Top UAW officials and some of Ford’s highest ranking executives will meet today to formally mark the start of contract talks exactly two weeks after the Dearborn automaker said it would move production of the Focus compact car to Mexico.

Typically, the ceremonial event to kick-start contract negotiations is a warm and fuzzy event designed to underscore the close working relationship between the union and the automaker as they begin to renegotiate a contract that expires on Sept. 14.

It was all smiles when at a similar events held last week between the UAW and General Motors. The next day, Fiat Chrysler CEO Sergio Marchionne hugged UAW President Dennis Williams. Today’s event, to be held at Cass Technical High School in Detroit, will be a similar staged event designed to highlight relationships that are far better now than the acrimonious tensions that historically existed between the union and the automakers.

But the future of Ford’s Michigan Assembly plant in Wayne, where the Focus is currently produced, along with a number of other thorny issues will be simmering just below the surface when Ford Executive Chairman Bill Ford, Ford CEO Mark Fields, UAW President Dennis Williams and UAW Vice President Jimmy Settles attend the event.

Ford’s decision to end Focus and C-Max production at its plant in Wayne comes as a host of automakers, including Ford, are building new plants in Mexico instead of in the U.S., and is a growing concern for the UAW.

“I will save my comments for Ford when we open up Ford,” negotiations, Williams said last week during the GM event. “I will say it’s always concerning to me when any corporation invests outside of the U.S….there are a variety of reasons to do it…we will address Ford at the right time.”

Historically, Ford has prided itself on having the best relationship with the UAW out of the Detroit Three.

Settles told the Free Press that the timing of Ford’s decision to relocate the Focus, just days before the official start of contract discussions, was “very, very unusual.”

The move also raises questions about which products could replace the Focus — a car that symbolized Ford’s transformation in 2011 from a company dependent on truck sales to one aimed at building better passenger cars for a global market. Ford promised it will not close the plant but did not say what car or truck could replace the Focus and C-Max.

Despite that decision, Ford is able to to say it vastly exceeded a commitment it made in 2011 when it agreed to add 12,000 jobs over the life of the four-year contract. Since the 2011 agreement, Ford has hired more than 15,000 employees in the U.S. and has invested more than $6.2 billion in its U.S. plants.

During contract talks, the automaker will argue that the agreement reached in 2007 that allows the Detroit Three to hire workers at a a lower, entry level wage was among the key factors that led to the company’s ability to add jobs and invest in plants in the U.S.

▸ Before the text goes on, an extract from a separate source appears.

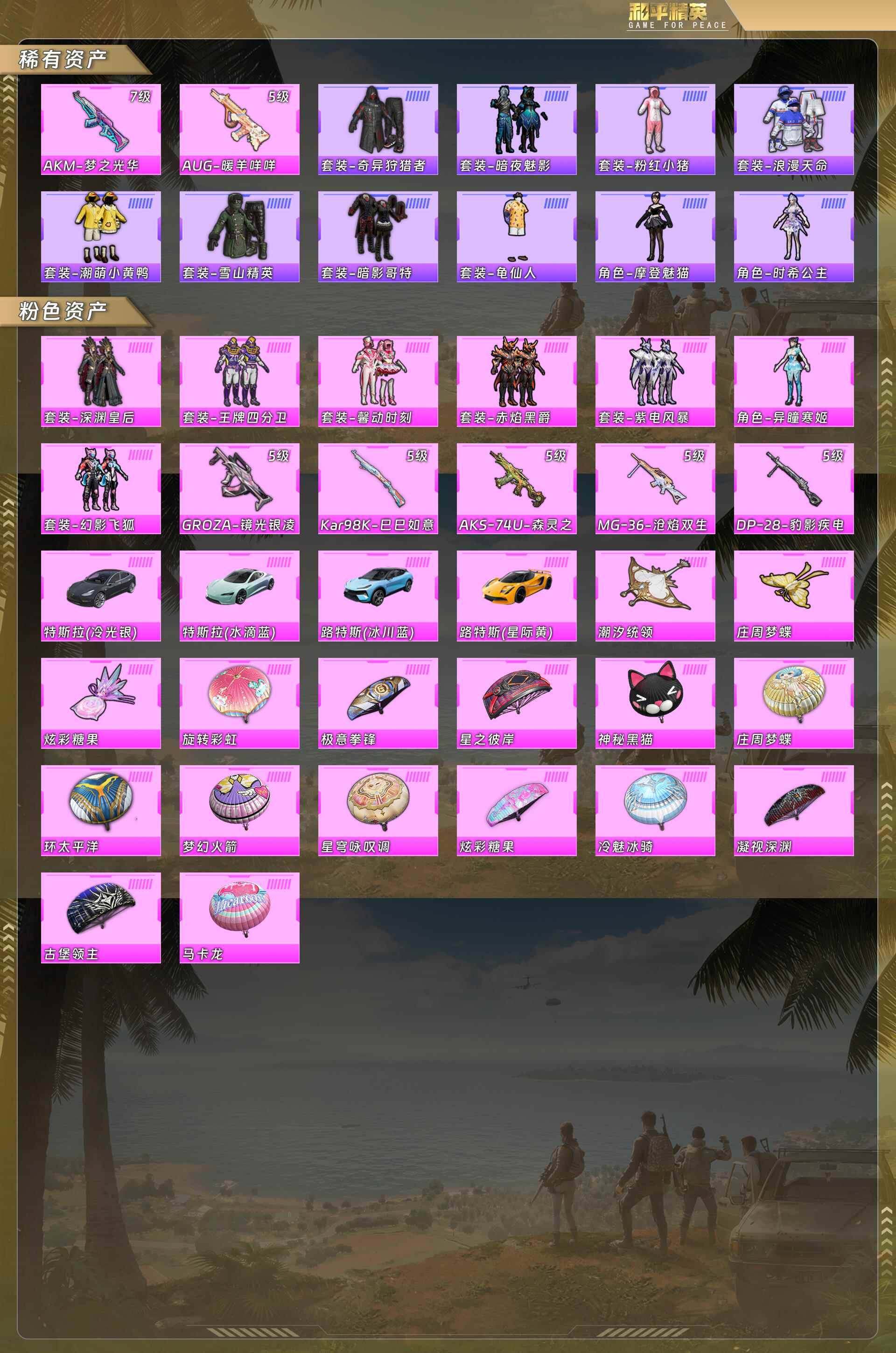 (7粉装-7粉呛-4载具)ak梦之光华7级/aug暖羊咩咩5级/奇异狩猎者/暗夜魅影/粉红小猪/浪漫天命/潮萌小黄鸭/暗影哥特/摩登魅猫/时希公主/深渊皇后/王牌四分卫/馨动时刻/赤焰黑爵/紫电风暴/异瞳寒姬/幻影飞狐/特斯拉银/特斯拉蓝/路特斯蓝/路特斯黄 没战神框 hp5441-3粉色飞行器-100916热力值-12王牌印记-243套装-299呛皮 【热门品类】:套装-浪漫天命,套装-奇异狩猎者,套装-龟仙人,套装-潮萌小黄鸭,套装-暗影哥特,套装-粉红小猪 【粉色套装】:粉装-深渊皇后,粉装-王牌四分卫,粉装-馨动时刻,粉装-赤焰黑爵,粉装-紫电风暴,粉装-幻影飞狐,角色-异瞳寒姬 【粉色呛皮等级】:akm-梦之光华七级,groza-镜光银凌五级,aug-暖羊咩咩五级,aks-74u-森灵之息五级,kar98k-巳巳如意五级,dp-28-豹影疾电五级,mg-36-沧焰双生五级 【粉色载具】:特斯拉model 3(冷光银),特斯拉roadster(水滴蓝),路特斯evija(星际黄),路特斯eletre(冰川蓝) 【粉色呛皮】:akm-梦之光华,groza-镜光银凌,aug-暖羊咩咩,aks-74u-森灵之息,kar98k-巳巳如意,dp-28-豹影疾电,mg-36-沧焰双生 【粉色飞行器】:潮汐统领飞行器,庄周梦蝶飞行器 【粉色降落伞】:凝视深渊降落伞,梦幻火箭降落伞,神秘黑猫降落伞,古堡领主降落伞,马卡龙降落伞,星之彼岸降落伞,庄周梦蝶降落伞,冷魅冰骑降落伞,环太平洋降落伞,旋转彩虹降落伞,星穹咏叹调降落伞,极意拳锋降落伞,炫彩糖果降落伞 【稀有套装】:套装-龟仙人,套装-巳巳如意,套装-超能元气,套装-雪国风尚,套装-炫彩糖果,套装-雏菊兔兔,套装-萝兰蝴蝶,套装-糖糖葫芦,套装-青团波波,套装-棉花软糖,角色-摩登魅猫,套装-燕燕于飞,套装-鱼渊荷华,套装-粉恋花,套装-紫幽梦,套装-蓝冰羽,套装-星影赞美诗,套装-星渊小夜曲,角色-时希公主,套装-朱霞炽焰,套装-凌霄紫焰,套装-擎苍青焰,角色-绯色魅影,套装-书海巡游,套装-画境星梦,套装-琴音绮想,角色-月烬之祷 【稀有呛皮】:aug-冰晶雪宝,akm-pel轰鸣竞梦者,akm-夜灯,akm-彩虹符号,akm-星之彼岸,akm-灼热熔岩,akm-百万伏特,akm-破晓战魂,akm-萌趣颜团子,akm-虎虎生威,akm-霓虹街区,akm-龙的传人,m16a4-幻世战舞者,m16a4-甜心亚梦,m16a4-红色方程式,m16a4-蓝色火焰,scar-l-夏日绵绵冰,scar-l-夜灯,scar-l-暗夜玫瑰,scar-l-炫彩节奏,scar-l-玉兔迎春,scar-l-红色方程式,scar-l-雷霆特警,m416-夜灯,m416-糯团青竹,m416-红色方程式,m416-蓝色火焰,groza-彩虹符号,groza-恐龙拽拽,groza-治愈之星,groza-生命誓言,groza-雷霆特警,groza-黑色刀锋,aug-凝视深渊,aug-天降萌叽,aug-耀粉歌者,aug-青春冒险家,q-原初圣火,q-彩虹符号,q-洛神天依,q-神秘黑猫,q-飞驰魅影,m762-天降萌叽,m762-牛气冲天,m762-瑞龙福将,m762-诡娃娃,m762-镭射皇者,m762-登顶巅峰,mk47-青春冒险家,g36c-不夜海上花,g36c-冷魅冰骑,g36c-时空追击者,g36c-暗夜玫瑰,g36c-荒野猎神,g36c-星穹咏叹调,ac-val-天降萌叽,ac-val-甜心亚梦,ace32-画境星梦,arx-凌霄紫焰,uzi-众神之王,uzi-幻影战神,uzi-炫彩节奏,uzi-红色方程式,ump45-圣诞大吉,ump45-夜灯,ump45-时空追击者,ump45-生命誓言,ump45-蓝色火焰,vect-pel轰鸣竞梦者,vect-彩虹符号,vect-治愈之星,vect-生命誓言,vect-黑色刀锋,汤姆逊-炫彩节奏,汤姆逊-耀粉歌者,野牛-夜灯,野牛-青春冒险家,mp5k-众神之王,mp5k-画境星梦,js9-凌霄紫焰,p90-飞驰魅影,p90-巳巳如意,kar98k-彩虹符号,kar98k-欢乐麻酱,kar98k-灵符少年,kar98k-红色方程式,kar98k-终极赛罗,kar98k-飞驰魅影,m24-治愈之星,m24-炫彩节奏,m24-众神之王,m24-冰封烈焰,awm-不夜海上花,awm-海螺星光,sks-天之羽翼,sks-心之恋语,sks-时空追击者,sks-炫彩节奏,sks-玉龙,vss-星之彼岸,vss-镭射皇者,vss-雷霆特警,vss-黑色刀锋,mini14-原初圣火,mini14-涂山之恋,mini14-生命誓言,mini14-耀粉歌者,mini14-金鼠迎春,mk14-治愈之星,win94-瑞龙福将,slr-众神之王,qbu-不夜海上花,qbu-青春冒险家,m417-幻影飞狐,m1加兰德-画境星梦,s686-不夜海上花,s686-冰封烈焰,s686-彩虹符号,s686-橘柚倾心,s686-生命誓言,s686-红色方程式,s686-葫芦兄弟,s686-魔法学院,s686-巳巳如意,s686-千金淑猫,s1897-炫彩节奏,s1897-百万伏特,s1897-神秘黑猫,s1897-镭射皇者,s1897-飞驰魅影,s12k-瑞龙福将,s12k-破晓战魂,s12k-龙宫之主,s12k-夜灯,s12k-幻世战舞者,dbs-彩虹符号,dbs-时空追击者,dbs-甜心亚梦,aa12-g-画境星梦,m249-古堡领主,m249-工程核心,m249-彩虹符号,m249-星之彼岸,m249-破晓战魂,m249-糯团青竹,m249-镭射皇者,dp-28-原初圣火,dp-28-古战神甲,dp-28-清新柠檬,dp-28-甜心亚梦,mg3-幻世战舞者,mg3-瑞龙福将,mg-36-凌霄紫焰,p92-雷霆特警,p92-凌霄紫焰,p1911-冰封烈焰,p18c-原初圣火,p18c-百万伏特,r45-幻彩电音,短管霰弹-星穹咏叹调,蝎式手呛-千金淑猫,平底锅-凌霄紫焰,平底锅-无垠阁,平底锅-画境星梦,破片手留单-巳巳如意 【其他套装】:套装-ss5特训,套装-ss6特训,套装-ss7特训,套装-ss8特训,套装-ss9特训,套装-ss10特训,套装-ss11特训,套装-ss12特训,套装-ss13特训,套装-ss14特训,套装-ss15特训,套装-ss16特训,套装-ss17特训,套装-ss18特训,套装-ss19特训,套装-ss20特训,套装-ss21特训,套装-ss22特训,套装-ss23特训,套装-ss24特训,套装-ss25特训,套装-ss26特训,套装-ss27特训,套装-ss28特训,套装-ss29特训,套装-丛林猎人,套装-人气偶像,套装-传奇侦探,套装-冰川格斗者,套装-冷焰舞者,套装-北国孤狼,套装-千禧之恋,套装-半糖蓝莓,套装-吉莉礼服,套装-夏日音浪,套装-好奇恐龙,套装-完美偶像,套装-幻世战舞者,套装-幻影武者,套装-怒火燎原,套装-战地督

In 2007, the UAW agreed to allow Ford, GM and Chrysler to hire new workers at a lower, Tier 2 wage that currently starts at $15.78 per hour tops out at $19.28 per hour after four years. That’s a lot less than the workers hired before 2007 who earn $28 per hour.

Ford argues that the entry level wage, along with the creation of a voluntary employees’ beneficiary association to manage retiree health care benefits, has helped Ford dramatically lower its labor costs.

The cost of Ford’s wages and benefits for U.S. hourly workers have shrunk from $68.35 per hour in 2007 to $56.33 in 2014, according to a fact sheet published by the automaker.

Still, Ford says it still “operates at a competitive disadvantage verses other automakers….in fact, Ford’s gap to the transplants is larger now than in 2011, due largely to the fact that the transplants have significantly increased their temporary workforces.”

Asian and German automakers with U.S. plants pay workers an average  $47 per hour when wages and benefits are combined, according to the Center for Automotive Research.

Ford’s labor cost disadvantage exists even though it now employs 15,115 entry level workers, which is 29% of its overall U.S. hourly workforce. This year, the automaker has bumped 800 workers up to the higher wage wage rate to comply with a cap that only allows it to employ 20% of its workforce at the lower wage rate.

That cap puts the Dearborn automaker is at a disadvantage compared with FCA and GM, which did not have to comply with a cap under the current contract. In this round of talks Ford will either strive for that cap to be eliminated or, at a minimum, will want GM and FCA to be forced to comply with the same requirement.

And that will put Ford on a collision course with Williams, who has said one of his top goals is win a pay raise for entry level workers so he can bridge the pay gap between the with workers hired before 2007. Williams also has said he hopes to win a base wage increase for the workers hired before 2007.

“Ford and the UAW have come a long way since 2007, and have both benefited from working together,” Ford said on a Web site dedicated to contract talks. “The UAW has taken a constructive approach in working with Ford. Meanwhile, the company has made, kept and exceeded our promises on job creation, in-sourcing and investment.”